**WORK ITEM:** In the listing below, the lines starting with the line with "On one of the" and going on through the line with "To do this, first" are to be reproduced exactly, and only those.

**SOURCE RECORDS:**

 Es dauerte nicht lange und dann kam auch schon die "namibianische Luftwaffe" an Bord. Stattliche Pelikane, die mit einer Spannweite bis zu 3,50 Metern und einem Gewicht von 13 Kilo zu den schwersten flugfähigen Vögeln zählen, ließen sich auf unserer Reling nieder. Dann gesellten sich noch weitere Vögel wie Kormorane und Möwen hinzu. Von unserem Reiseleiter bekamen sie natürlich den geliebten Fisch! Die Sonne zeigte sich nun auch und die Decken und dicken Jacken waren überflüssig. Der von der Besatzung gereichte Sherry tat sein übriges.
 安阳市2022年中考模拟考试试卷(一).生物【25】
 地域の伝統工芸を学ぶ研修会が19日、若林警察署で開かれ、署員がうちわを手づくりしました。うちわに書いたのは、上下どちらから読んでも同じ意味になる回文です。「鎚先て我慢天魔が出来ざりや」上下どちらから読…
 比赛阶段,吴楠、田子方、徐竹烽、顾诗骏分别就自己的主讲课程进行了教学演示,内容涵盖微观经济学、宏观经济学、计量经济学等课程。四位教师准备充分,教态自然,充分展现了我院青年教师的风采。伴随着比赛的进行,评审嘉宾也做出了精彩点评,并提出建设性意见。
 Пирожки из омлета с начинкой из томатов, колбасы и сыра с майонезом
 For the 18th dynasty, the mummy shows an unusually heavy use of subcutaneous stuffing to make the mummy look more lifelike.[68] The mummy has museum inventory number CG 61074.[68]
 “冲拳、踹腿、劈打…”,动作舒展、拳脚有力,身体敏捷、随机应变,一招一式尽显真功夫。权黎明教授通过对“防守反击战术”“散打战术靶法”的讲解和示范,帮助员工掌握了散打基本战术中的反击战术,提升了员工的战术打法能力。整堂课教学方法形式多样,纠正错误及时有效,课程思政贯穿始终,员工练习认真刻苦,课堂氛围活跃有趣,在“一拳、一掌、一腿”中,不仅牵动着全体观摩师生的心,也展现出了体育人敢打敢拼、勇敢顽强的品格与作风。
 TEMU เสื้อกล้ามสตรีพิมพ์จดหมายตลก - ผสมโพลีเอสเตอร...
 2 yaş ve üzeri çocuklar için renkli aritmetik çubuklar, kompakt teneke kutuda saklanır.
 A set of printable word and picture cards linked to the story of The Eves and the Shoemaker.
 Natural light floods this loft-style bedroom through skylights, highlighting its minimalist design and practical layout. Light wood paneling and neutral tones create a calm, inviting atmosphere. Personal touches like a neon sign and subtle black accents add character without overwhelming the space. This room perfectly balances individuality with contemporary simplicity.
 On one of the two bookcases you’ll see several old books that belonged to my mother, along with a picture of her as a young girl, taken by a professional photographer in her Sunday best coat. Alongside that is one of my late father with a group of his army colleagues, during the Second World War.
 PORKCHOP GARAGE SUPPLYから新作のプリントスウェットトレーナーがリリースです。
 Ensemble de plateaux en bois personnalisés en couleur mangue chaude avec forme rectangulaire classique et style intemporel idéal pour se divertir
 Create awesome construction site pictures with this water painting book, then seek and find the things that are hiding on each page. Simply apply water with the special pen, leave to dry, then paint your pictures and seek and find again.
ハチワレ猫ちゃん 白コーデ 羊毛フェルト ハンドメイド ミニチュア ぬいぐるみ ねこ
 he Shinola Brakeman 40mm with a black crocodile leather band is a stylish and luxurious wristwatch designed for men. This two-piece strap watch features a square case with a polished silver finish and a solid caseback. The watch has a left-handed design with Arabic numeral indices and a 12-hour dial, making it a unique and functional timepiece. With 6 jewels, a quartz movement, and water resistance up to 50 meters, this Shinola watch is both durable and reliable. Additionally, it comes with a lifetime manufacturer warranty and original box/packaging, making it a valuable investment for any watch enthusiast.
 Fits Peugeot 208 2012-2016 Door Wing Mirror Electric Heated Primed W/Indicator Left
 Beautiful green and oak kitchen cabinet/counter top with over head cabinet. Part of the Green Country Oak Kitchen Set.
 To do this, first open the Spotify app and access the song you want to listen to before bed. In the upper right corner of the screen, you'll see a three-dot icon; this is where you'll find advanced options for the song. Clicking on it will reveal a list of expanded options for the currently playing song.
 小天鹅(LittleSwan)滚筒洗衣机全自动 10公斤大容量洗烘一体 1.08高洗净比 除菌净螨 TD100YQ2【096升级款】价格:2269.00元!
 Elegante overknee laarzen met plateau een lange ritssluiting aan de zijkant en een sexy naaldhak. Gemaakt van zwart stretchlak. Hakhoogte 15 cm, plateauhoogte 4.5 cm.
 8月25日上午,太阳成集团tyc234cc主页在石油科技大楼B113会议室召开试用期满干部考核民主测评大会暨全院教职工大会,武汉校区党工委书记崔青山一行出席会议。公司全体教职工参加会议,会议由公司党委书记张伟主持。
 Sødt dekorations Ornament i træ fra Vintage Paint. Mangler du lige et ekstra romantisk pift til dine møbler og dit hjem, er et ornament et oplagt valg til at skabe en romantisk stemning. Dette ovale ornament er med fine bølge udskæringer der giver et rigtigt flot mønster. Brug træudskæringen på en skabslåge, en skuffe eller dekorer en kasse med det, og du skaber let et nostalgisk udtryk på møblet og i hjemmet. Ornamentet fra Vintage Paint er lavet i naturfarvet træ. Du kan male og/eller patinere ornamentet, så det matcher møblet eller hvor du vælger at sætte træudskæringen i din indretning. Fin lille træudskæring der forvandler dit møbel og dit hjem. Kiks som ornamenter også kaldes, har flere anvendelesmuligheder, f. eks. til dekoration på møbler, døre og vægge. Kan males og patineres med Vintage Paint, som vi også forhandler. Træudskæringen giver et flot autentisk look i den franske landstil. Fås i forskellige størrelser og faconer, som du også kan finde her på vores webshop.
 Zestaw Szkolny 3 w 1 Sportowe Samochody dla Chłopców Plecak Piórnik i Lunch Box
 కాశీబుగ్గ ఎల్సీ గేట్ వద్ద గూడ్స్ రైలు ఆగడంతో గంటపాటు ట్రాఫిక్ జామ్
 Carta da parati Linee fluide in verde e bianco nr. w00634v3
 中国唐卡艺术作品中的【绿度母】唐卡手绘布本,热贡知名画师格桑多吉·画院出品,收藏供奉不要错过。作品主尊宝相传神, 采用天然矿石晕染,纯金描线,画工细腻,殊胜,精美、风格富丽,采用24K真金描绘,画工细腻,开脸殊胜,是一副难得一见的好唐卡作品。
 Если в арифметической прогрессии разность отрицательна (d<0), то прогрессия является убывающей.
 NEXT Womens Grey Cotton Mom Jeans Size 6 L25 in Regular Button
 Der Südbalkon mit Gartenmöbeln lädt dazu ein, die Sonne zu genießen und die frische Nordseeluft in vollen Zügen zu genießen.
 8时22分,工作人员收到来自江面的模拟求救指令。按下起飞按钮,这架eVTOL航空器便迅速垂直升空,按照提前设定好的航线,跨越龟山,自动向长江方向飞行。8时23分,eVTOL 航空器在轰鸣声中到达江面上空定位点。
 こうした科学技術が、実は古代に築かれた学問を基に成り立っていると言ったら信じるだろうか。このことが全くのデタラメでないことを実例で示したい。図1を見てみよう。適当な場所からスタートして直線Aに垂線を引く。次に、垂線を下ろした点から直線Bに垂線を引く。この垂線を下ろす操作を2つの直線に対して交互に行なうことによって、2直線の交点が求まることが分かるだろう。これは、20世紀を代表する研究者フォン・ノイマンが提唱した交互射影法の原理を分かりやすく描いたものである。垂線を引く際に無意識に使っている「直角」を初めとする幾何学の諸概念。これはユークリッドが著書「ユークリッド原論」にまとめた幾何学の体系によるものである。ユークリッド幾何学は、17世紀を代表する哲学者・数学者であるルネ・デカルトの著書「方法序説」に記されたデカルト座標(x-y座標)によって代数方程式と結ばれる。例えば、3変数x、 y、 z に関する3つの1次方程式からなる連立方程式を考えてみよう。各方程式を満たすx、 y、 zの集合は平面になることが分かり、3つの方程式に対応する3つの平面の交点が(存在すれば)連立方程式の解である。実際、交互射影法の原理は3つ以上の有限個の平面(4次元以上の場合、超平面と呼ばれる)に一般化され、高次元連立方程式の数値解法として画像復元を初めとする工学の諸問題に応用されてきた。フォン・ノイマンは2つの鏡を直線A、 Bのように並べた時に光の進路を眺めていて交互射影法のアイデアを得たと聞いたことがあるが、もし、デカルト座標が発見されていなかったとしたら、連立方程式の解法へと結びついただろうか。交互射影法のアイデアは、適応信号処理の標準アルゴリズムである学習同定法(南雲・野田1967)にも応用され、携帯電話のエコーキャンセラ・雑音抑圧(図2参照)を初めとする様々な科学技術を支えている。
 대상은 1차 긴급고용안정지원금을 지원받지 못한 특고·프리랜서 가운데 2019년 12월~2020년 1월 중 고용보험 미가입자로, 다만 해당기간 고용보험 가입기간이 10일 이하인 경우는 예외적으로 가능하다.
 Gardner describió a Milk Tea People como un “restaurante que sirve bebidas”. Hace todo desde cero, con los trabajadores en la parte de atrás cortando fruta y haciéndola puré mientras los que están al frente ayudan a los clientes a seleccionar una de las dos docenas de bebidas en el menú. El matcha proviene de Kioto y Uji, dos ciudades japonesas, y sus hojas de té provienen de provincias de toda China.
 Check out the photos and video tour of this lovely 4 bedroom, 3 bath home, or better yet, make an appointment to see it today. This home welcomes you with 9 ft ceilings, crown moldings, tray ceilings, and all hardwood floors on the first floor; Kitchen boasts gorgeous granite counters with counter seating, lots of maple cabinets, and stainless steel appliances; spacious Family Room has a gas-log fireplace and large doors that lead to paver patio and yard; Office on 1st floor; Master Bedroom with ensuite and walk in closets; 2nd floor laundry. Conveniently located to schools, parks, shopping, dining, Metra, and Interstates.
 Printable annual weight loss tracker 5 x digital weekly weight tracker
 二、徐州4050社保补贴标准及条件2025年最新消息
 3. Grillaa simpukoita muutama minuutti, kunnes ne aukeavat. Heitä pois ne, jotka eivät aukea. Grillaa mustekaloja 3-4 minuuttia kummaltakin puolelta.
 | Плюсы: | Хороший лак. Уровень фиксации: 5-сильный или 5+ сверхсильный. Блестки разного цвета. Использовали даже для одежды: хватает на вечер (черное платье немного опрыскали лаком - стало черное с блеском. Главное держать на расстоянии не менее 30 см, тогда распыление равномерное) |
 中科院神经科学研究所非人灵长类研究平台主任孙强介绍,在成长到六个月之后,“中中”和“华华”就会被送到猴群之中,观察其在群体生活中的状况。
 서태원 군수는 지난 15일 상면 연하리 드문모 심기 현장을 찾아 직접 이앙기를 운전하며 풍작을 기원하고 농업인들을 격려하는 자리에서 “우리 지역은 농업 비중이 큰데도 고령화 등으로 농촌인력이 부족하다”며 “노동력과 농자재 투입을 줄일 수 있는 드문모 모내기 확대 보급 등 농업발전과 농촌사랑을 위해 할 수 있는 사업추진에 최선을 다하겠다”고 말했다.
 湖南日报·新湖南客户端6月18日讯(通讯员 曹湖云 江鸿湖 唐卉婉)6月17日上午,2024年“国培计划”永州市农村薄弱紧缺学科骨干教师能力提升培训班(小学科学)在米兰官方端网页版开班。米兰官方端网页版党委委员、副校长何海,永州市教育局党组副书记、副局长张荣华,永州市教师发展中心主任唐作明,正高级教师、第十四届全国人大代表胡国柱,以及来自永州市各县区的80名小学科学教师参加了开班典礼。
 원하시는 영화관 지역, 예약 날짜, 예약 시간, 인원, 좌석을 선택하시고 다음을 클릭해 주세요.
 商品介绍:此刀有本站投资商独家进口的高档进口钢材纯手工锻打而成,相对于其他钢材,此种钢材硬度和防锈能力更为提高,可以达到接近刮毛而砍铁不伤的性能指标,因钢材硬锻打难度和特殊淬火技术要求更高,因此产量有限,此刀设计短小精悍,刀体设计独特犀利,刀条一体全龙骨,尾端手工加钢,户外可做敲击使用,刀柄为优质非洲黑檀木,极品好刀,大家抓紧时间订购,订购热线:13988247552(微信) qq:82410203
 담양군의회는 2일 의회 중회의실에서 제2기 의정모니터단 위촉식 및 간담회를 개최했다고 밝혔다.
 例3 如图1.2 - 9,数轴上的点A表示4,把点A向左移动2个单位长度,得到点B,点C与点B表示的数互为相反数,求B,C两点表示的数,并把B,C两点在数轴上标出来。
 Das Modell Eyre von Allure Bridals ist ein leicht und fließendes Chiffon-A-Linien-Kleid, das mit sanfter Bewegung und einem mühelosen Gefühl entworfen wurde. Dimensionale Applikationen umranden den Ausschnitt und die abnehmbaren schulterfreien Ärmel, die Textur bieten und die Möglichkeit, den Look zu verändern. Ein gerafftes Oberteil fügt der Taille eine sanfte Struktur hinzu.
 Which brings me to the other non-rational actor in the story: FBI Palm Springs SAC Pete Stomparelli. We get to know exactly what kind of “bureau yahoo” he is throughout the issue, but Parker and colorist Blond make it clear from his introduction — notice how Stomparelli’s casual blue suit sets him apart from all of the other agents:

**COMPLETED TASK:**
 On one of the two bookcases you’ll see several old books that belonged to my mother, along with a picture of her as a young girl, taken by a professional photographer in her Sunday best coat. Alongside that is one of my late father with a group of his army colleagues, during the Second World War.
 PORKCHOP GARAGE SUPPLYから新作のプリントスウェットトレーナーがリリースです。
 Ensemble de plateaux en bois personnalisés en couleur mangue chaude avec forme rectangulaire classique et style intemporel idéal pour se divertir
 Create awesome construction site pictures with this water painting book, then seek and find the things that are hiding on each page. Simply apply water with the special pen, leave to dry, then paint your pictures and seek and find again.
ハチワレ猫ちゃん 白コーデ 羊毛フェルト ハンドメイド ミニチュア ぬいぐるみ ねこ
 he Shinola Brakeman 40mm with a black crocodile leather band is a stylish and luxurious wristwatch designed for men. This two-piece strap watch features a square case with a polished silver finish and a solid caseback. The watch has a left-handed design with Arabic numeral indices and a 12-hour dial, making it a unique and functional timepiece. With 6 jewels, a quartz movement, and water resistance up to 50 meters, this Shinola watch is both durable and reliable. Additionally, it comes with a lifetime manufacturer warranty and original box/packaging, making it a valuable investment for any watch enthusiast.
 Fits Peugeot 208 2012-2016 Door Wing Mirror Electric Heated Primed W/Indicator Left
 Beautiful green and oak kitchen cabinet/counter top with over head cabinet. Part of the Green Country Oak Kitchen Set.
 To do this, first open the Spotify app and access the song you want to listen to before bed. In the upper right corner of the screen, you'll see a three-dot icon; this is where you'll find advanced options for the song. Clicking on it will reveal a list of expanded options for the currently playing song.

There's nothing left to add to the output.